At reinteractive, we love to work with React Native, which is a framework for developing native mobile apps with JavaScript. The motto “Learn once, write anywhere” saves us a lot of time when developing for multiple platforms, regarding our proficiency with web technologies. Not to mention the balance that the framework brings between speed of development and native performance. We will use this framework to bring Tesseract to mobile.
In summary, this post will start off from the Javascript runtime (the starting point of every React Native app), we’ll then cross a bridge to reach the native iOS runtime, run Tesseract, and bring back the data to JavaScript.
- The JavaScript runtime
- React Native Bridge
- The Native runtime
- Implementing scanForText method
- Scanning text with Tesseract
- Back to the JavaScript runtime
By reading through this post you will learn how to open communication between React Native’s JavaScript runtime and the native iOS runtime, and do a basic Tesseract setup on mobile.

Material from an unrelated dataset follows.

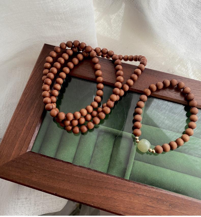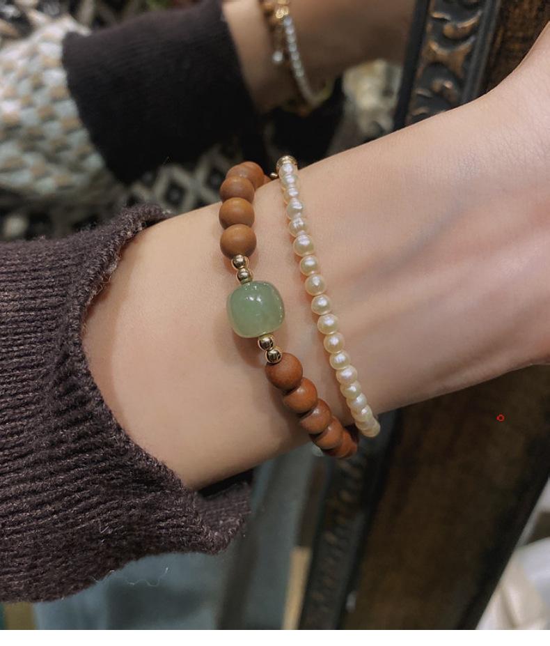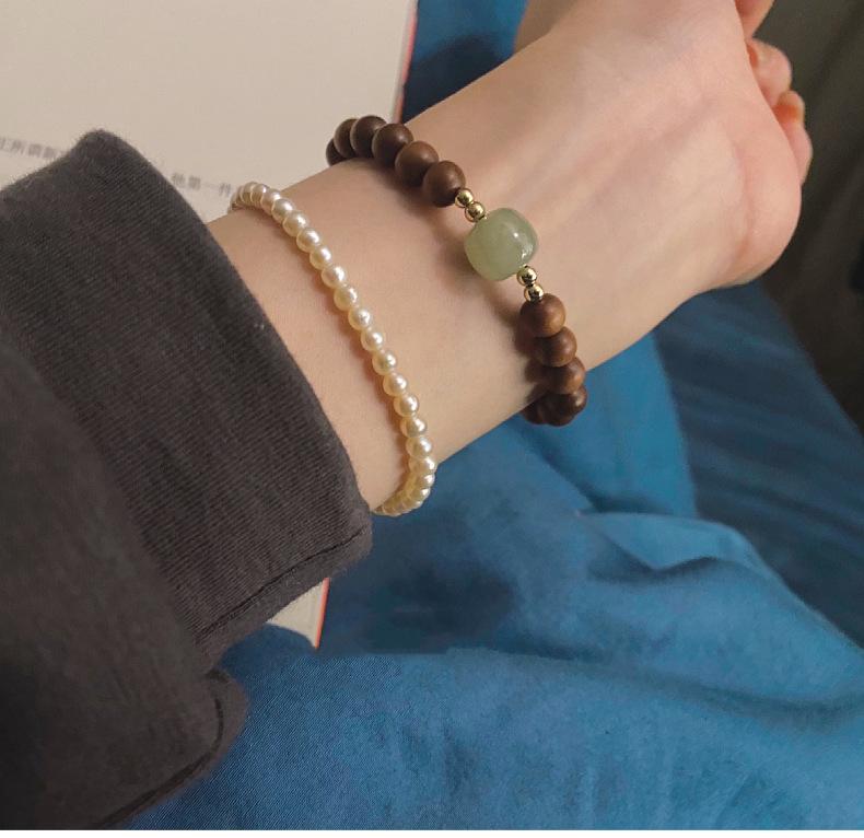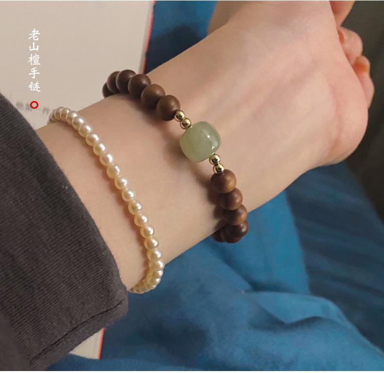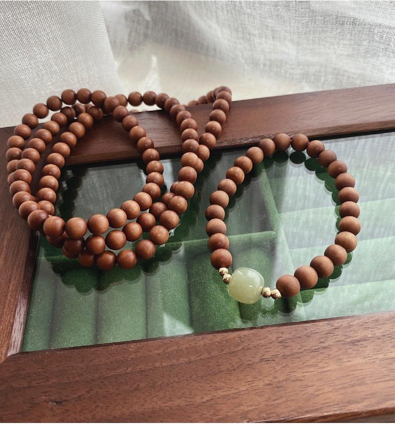 Pulsera de sándalo Laoshan de una vuelta con cuentas redondas de 6 mm DIY para mujer, jade Hetian, cuentas antiguas, cuentas sueltas, joyería artística retro

This post assumes that there is already an existing React Native app. If you don’t have one, you can clone this repo - which contains the code in the following sections.
The JavaScript runtime
I initially thought “there’s no way we can run Tesseract just from within JavaScript”. It turned we can, albeit indirectly. There is a limited number of libraries we can use for React Native and Tesseract integration. They’re good if they suit your use cases, but if they don’t, then you need to do it yourself, as we did. We will start off with this JavaScript code.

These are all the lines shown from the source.